• _Work task_: Return, from the data that follows, each line that holds the word "ideal".

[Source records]
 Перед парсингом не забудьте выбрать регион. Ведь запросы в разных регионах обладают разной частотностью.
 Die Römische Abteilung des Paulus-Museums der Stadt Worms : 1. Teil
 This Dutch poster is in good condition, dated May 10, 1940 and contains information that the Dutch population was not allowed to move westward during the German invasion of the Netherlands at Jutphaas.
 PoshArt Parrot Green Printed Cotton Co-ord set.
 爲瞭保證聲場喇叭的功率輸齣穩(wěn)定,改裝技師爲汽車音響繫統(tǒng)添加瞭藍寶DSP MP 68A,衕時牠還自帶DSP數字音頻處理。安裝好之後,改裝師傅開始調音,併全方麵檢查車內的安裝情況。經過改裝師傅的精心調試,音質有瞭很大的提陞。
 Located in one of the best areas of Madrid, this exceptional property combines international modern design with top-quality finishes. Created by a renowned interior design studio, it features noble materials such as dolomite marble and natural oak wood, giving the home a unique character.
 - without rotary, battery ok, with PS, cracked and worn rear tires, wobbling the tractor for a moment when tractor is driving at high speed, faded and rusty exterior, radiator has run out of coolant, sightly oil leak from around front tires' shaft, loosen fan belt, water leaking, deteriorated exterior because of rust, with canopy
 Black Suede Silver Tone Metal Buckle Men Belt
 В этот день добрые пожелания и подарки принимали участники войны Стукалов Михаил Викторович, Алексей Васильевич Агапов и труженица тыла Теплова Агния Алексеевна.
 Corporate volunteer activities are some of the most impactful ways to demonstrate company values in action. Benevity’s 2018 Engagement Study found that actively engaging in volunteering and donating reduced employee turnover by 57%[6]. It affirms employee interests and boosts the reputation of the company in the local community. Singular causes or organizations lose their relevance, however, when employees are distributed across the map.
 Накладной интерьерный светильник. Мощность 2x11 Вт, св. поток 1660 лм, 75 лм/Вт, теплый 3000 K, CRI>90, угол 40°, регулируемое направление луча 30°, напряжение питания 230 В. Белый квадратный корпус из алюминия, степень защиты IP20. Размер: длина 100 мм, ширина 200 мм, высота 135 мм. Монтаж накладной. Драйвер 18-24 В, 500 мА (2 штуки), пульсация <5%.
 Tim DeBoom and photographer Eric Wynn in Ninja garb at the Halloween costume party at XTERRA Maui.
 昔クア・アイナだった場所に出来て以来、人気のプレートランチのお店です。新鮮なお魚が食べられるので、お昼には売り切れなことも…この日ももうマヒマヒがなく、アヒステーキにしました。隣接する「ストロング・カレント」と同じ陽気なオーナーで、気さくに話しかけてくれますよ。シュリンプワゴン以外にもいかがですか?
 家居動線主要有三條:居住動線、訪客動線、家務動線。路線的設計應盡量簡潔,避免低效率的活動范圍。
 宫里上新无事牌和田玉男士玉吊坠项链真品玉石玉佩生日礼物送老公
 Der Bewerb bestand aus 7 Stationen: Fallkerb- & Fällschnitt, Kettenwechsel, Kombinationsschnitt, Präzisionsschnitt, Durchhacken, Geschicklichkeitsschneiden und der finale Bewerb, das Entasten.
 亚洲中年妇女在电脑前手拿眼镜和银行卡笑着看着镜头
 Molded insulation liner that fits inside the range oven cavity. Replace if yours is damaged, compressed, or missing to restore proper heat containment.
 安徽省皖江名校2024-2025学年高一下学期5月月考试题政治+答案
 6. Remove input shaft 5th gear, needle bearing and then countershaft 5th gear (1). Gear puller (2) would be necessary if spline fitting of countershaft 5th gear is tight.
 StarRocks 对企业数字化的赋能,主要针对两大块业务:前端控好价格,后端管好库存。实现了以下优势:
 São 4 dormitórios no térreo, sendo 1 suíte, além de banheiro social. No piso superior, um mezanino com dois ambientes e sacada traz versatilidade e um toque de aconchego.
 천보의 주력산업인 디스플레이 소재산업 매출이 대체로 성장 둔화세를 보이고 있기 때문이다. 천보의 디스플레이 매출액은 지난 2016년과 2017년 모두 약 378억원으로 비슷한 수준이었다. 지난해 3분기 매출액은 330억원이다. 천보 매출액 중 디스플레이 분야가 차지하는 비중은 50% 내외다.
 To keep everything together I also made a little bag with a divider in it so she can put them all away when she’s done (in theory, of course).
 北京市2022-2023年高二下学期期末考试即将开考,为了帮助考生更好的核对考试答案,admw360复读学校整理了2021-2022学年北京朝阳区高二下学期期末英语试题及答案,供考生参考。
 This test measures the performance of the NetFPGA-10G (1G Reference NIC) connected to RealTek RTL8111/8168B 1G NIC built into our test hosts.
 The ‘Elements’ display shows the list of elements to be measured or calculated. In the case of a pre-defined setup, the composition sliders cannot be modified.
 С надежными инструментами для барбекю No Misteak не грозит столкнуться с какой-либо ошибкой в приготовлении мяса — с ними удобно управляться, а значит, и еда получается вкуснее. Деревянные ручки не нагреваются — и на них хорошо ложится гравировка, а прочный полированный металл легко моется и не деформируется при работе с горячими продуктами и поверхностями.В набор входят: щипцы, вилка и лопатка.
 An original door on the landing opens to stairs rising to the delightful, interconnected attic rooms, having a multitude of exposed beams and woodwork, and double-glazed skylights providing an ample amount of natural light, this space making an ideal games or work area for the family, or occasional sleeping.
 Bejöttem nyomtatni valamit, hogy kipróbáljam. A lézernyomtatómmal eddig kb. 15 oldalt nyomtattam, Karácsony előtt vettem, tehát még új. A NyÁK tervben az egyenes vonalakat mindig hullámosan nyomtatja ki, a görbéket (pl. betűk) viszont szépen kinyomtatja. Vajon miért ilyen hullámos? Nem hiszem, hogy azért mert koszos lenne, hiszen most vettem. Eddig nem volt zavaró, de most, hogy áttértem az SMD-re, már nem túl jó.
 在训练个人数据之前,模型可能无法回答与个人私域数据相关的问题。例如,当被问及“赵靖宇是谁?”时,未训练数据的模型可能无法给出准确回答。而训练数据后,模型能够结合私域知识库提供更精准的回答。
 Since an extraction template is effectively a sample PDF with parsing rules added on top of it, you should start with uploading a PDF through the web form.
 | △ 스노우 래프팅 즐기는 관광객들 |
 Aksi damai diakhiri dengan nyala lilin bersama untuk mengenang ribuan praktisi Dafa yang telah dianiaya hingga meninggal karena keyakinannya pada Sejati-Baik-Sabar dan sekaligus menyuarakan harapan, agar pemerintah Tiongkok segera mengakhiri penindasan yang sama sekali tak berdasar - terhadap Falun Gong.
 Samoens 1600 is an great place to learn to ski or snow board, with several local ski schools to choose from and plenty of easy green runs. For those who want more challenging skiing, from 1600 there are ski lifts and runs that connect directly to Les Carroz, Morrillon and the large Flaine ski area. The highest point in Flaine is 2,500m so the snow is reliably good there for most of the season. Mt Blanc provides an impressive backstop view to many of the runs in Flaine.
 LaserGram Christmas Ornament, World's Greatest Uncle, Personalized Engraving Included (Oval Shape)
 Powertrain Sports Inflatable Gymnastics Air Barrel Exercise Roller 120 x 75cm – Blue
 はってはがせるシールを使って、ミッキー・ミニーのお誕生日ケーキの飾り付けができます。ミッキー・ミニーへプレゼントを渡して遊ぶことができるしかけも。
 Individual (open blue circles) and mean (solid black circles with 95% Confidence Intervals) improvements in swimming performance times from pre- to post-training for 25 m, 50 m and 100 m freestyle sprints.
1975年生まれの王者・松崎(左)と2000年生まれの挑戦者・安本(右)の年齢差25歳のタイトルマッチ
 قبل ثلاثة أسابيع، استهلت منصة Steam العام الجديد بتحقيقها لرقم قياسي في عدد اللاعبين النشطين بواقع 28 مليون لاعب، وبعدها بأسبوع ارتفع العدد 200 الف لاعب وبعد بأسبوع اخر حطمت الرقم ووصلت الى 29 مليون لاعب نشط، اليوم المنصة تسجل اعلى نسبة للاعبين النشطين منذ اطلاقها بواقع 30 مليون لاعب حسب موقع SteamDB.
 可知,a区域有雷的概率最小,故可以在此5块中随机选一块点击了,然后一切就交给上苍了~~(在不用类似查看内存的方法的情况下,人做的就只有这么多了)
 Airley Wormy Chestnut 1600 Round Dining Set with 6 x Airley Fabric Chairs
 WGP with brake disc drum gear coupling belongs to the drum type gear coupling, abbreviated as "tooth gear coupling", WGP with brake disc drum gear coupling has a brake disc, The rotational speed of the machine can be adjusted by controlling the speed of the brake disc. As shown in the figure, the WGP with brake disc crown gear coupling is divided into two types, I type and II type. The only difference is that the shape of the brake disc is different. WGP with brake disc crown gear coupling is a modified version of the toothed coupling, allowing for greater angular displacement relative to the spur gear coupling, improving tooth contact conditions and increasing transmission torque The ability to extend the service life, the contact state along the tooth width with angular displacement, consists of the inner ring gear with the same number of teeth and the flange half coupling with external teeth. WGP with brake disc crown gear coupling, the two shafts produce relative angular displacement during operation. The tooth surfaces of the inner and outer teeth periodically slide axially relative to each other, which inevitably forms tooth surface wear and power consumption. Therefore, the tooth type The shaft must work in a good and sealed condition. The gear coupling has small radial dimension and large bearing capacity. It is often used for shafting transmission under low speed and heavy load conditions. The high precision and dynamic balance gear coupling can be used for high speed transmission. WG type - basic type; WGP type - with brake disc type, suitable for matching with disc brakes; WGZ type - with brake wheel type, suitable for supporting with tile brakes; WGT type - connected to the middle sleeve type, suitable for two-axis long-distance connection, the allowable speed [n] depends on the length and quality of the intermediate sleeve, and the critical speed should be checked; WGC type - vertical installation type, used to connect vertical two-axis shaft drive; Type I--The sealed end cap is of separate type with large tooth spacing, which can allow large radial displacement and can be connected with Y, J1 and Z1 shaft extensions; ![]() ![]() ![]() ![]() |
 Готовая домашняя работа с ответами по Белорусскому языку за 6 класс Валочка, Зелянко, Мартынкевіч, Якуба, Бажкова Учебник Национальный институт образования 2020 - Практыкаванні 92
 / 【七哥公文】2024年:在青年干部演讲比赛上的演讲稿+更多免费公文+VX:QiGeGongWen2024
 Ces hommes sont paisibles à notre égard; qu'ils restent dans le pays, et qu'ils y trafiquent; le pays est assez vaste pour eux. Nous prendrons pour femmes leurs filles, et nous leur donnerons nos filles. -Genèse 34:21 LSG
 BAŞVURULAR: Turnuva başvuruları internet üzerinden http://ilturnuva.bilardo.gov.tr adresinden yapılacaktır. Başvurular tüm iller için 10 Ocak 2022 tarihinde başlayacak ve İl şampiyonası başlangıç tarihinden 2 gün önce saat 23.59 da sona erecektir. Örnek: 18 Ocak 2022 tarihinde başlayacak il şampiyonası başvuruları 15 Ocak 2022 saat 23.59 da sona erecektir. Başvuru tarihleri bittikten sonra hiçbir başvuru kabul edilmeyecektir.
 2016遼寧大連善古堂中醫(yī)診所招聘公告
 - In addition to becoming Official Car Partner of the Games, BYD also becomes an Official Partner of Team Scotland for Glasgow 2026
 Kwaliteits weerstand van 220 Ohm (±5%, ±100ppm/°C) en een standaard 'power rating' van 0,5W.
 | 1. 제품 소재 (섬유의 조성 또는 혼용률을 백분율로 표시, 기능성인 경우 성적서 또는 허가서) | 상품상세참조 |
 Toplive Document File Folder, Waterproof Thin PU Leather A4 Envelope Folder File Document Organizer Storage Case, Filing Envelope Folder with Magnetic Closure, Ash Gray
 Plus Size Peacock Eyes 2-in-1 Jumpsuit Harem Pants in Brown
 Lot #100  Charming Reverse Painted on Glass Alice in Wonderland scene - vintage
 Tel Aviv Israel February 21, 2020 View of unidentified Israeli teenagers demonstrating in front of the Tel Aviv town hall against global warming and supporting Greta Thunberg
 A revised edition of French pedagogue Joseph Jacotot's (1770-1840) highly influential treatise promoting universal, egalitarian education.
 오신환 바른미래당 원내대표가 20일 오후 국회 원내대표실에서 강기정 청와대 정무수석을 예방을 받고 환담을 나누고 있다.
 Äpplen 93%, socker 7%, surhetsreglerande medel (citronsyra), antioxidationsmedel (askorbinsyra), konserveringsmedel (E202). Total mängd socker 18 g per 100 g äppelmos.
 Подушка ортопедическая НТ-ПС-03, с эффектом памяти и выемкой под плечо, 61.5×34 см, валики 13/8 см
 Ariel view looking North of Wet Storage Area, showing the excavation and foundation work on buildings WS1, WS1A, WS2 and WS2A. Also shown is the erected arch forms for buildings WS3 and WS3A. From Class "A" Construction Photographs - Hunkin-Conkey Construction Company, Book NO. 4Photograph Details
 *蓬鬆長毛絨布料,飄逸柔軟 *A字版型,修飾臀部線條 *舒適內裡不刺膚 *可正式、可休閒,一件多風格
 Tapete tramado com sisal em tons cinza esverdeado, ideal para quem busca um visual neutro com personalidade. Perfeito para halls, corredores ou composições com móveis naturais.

• _Solution_:
 An original door on the landing opens to stairs rising to the delightful, interconnected attic rooms, having a multitude of exposed beams and woodwork, and double-glazed skylights providing an ample amount of natural light, this space making an ideal games or work area for the family, or occasional sleeping.
 Tapete tramado com sisal em tons cinza esverdeado, ideal para quem busca um visual neutro com personalidade. Perfeito para halls, corredores ou composições com móveis naturais.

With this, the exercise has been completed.